## PROBLEM STATEMENT
Only the lines below from the one containing "JUEGO DE COPAS" through the one containing "Our College Basketball" belong in the answer, repeated exactly and without pictures.

## INPUT
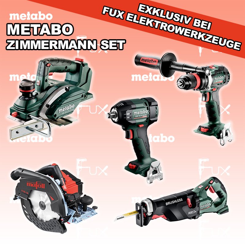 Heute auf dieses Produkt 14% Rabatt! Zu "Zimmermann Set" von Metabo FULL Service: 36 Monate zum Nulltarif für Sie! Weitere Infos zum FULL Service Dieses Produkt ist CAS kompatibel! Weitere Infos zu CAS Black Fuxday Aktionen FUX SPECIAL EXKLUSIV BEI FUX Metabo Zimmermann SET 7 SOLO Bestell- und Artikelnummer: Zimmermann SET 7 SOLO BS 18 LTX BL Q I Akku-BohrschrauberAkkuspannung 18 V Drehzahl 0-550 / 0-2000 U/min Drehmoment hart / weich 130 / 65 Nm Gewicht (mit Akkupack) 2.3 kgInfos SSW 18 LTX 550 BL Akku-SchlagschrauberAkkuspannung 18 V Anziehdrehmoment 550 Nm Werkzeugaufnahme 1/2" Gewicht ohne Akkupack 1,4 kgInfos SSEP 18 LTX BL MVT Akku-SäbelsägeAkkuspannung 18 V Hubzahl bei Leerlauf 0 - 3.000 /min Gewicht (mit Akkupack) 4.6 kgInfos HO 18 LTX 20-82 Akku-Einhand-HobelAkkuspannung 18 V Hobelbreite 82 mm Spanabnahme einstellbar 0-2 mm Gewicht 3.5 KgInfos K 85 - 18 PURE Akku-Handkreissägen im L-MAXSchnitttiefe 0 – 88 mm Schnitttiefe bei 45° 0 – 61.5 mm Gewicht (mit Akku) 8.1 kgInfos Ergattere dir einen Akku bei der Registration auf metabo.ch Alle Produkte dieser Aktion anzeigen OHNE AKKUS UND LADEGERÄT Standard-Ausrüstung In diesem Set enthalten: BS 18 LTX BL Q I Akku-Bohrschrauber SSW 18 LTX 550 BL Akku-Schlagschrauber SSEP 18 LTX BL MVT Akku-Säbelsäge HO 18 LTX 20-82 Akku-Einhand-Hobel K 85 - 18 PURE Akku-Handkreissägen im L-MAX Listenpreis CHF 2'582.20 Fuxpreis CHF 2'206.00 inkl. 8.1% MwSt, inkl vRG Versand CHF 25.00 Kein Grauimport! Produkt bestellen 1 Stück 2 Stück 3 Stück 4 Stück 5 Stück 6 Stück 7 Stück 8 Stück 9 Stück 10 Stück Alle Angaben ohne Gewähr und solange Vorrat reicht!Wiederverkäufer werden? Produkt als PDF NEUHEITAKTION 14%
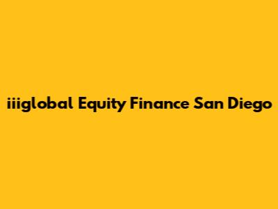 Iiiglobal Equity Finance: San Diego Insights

--

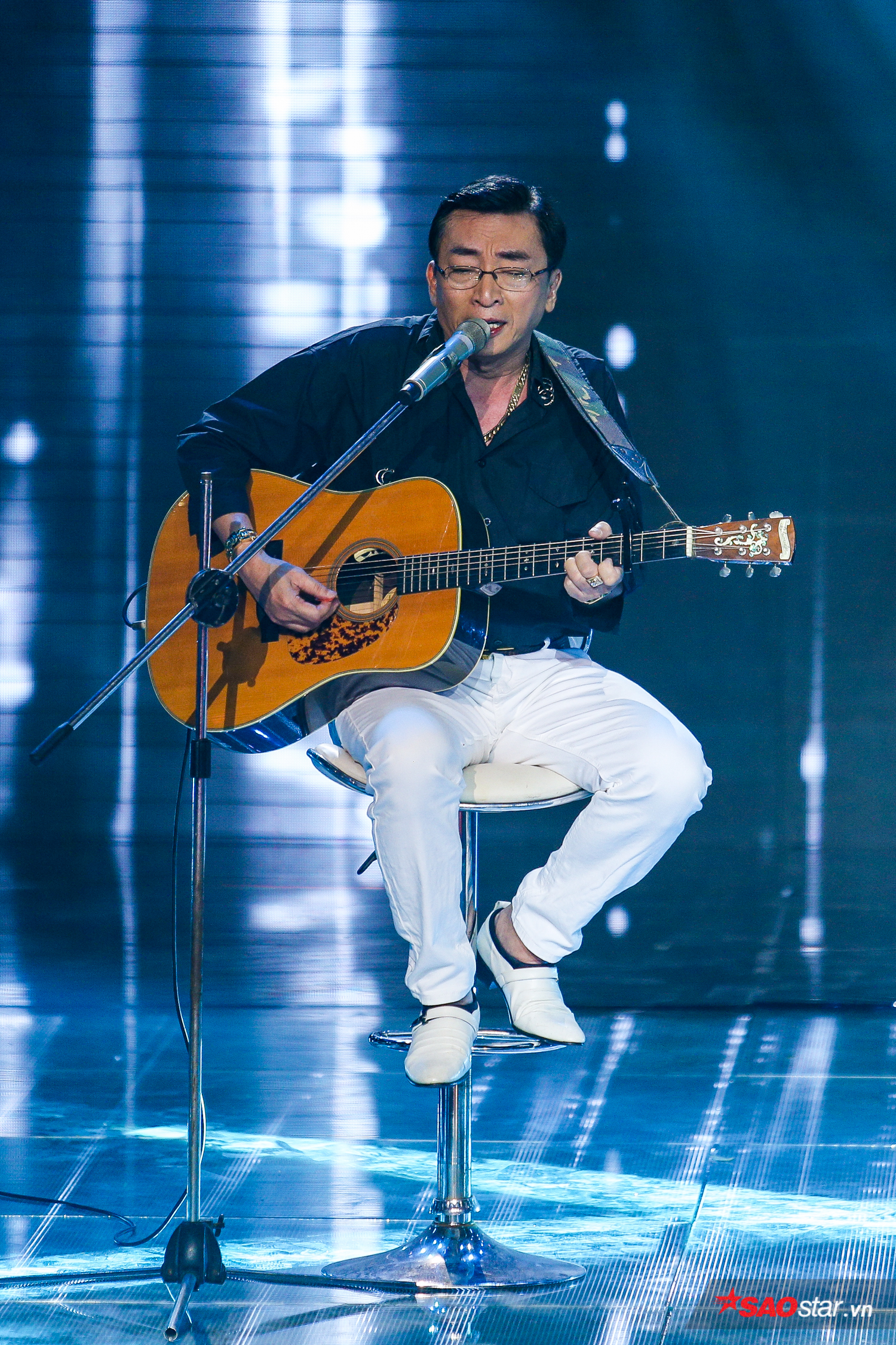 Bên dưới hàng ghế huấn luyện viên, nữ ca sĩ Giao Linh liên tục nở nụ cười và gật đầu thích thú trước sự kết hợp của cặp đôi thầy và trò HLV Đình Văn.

==

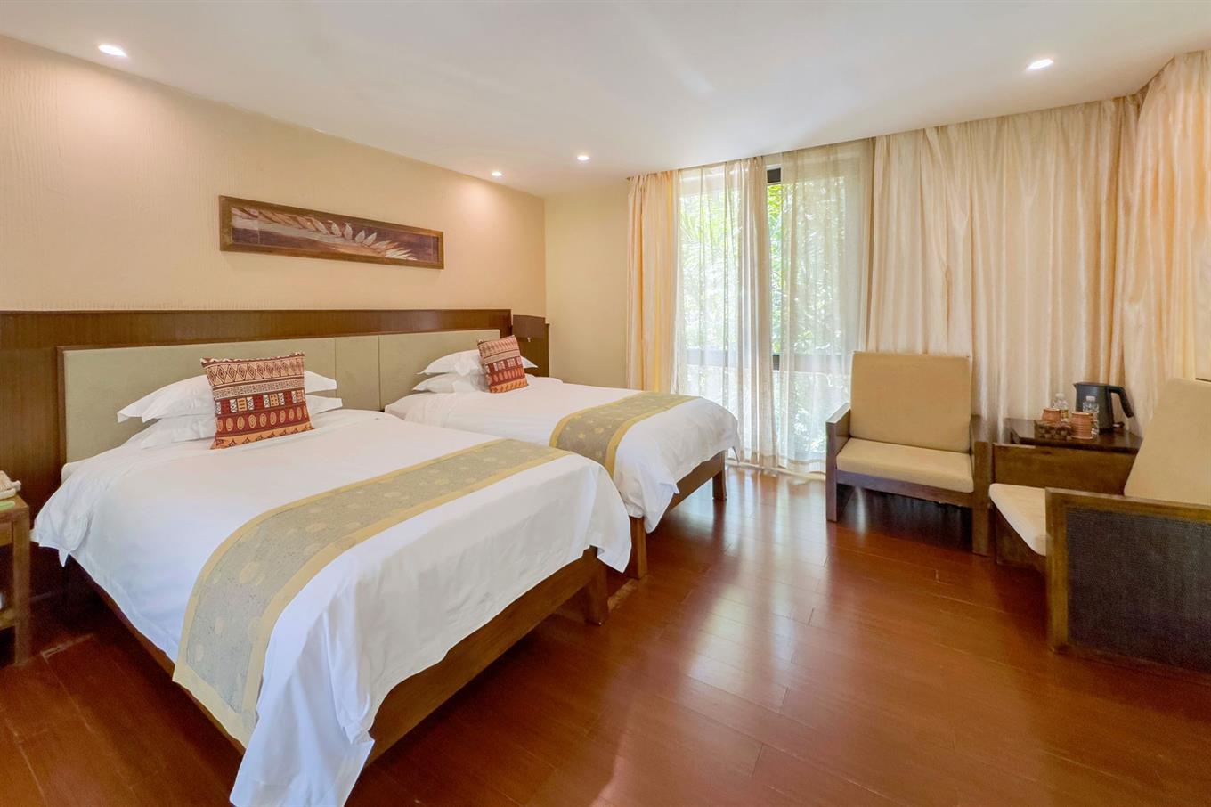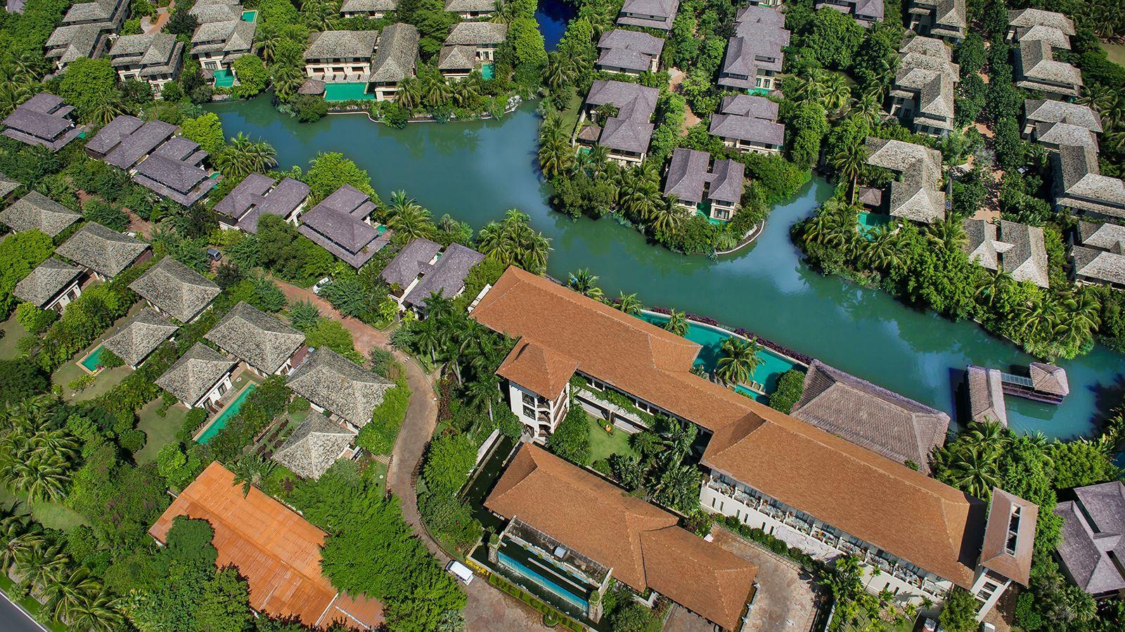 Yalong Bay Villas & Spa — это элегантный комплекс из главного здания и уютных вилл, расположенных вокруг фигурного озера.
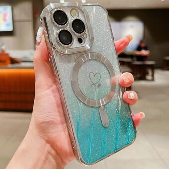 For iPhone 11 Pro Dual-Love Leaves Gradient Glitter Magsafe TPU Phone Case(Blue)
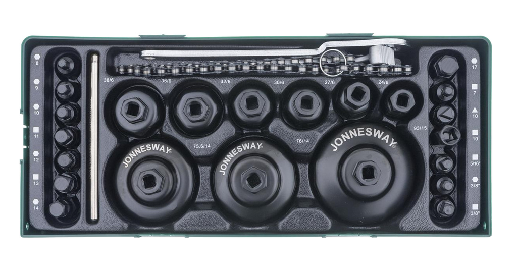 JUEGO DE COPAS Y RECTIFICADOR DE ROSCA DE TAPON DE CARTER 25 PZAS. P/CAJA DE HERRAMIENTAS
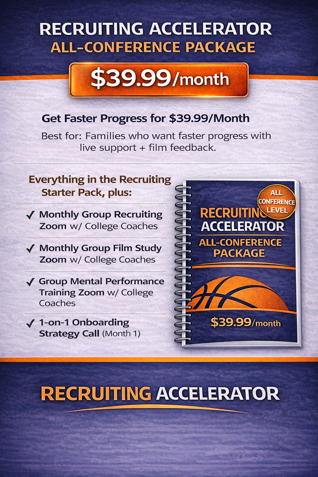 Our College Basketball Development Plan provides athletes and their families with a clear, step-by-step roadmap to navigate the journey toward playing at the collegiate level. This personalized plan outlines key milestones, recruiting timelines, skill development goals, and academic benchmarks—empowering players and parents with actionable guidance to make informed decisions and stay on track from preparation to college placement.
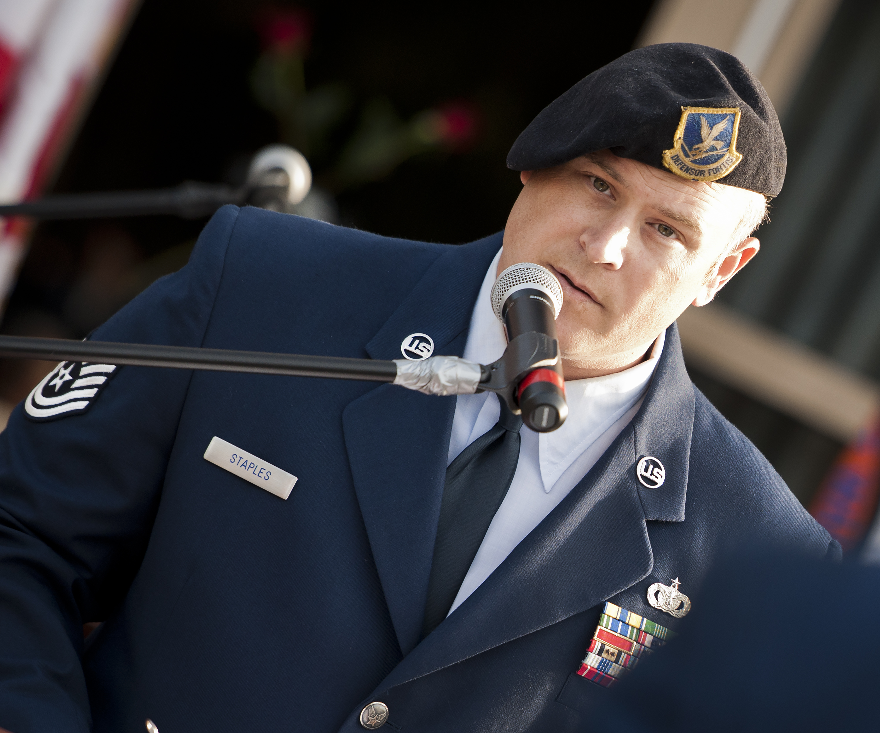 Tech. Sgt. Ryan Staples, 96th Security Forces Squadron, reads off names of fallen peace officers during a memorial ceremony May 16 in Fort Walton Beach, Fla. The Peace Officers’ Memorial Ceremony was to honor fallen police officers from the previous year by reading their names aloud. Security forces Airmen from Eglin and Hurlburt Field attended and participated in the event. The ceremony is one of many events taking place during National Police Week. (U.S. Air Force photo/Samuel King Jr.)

## SOLUTION FOR THIS EXERCISE
 JUEGO DE COPAS Y RECTIFICADOR DE ROSCA DE TAPON DE CARTER 25 PZAS. P/CAJA DE HERRAMIENTAS
 Our College Basketball Development Plan provides athletes and their families with a clear, step-by-step roadmap to navigate the journey toward playing at the collegiate level. This personalized plan outlines key milestones, recruiting timelines, skill development goals, and academic benchmarks—empowering players and parents with actionable guidance to make informed decisions and stay on track from preparation to college placement.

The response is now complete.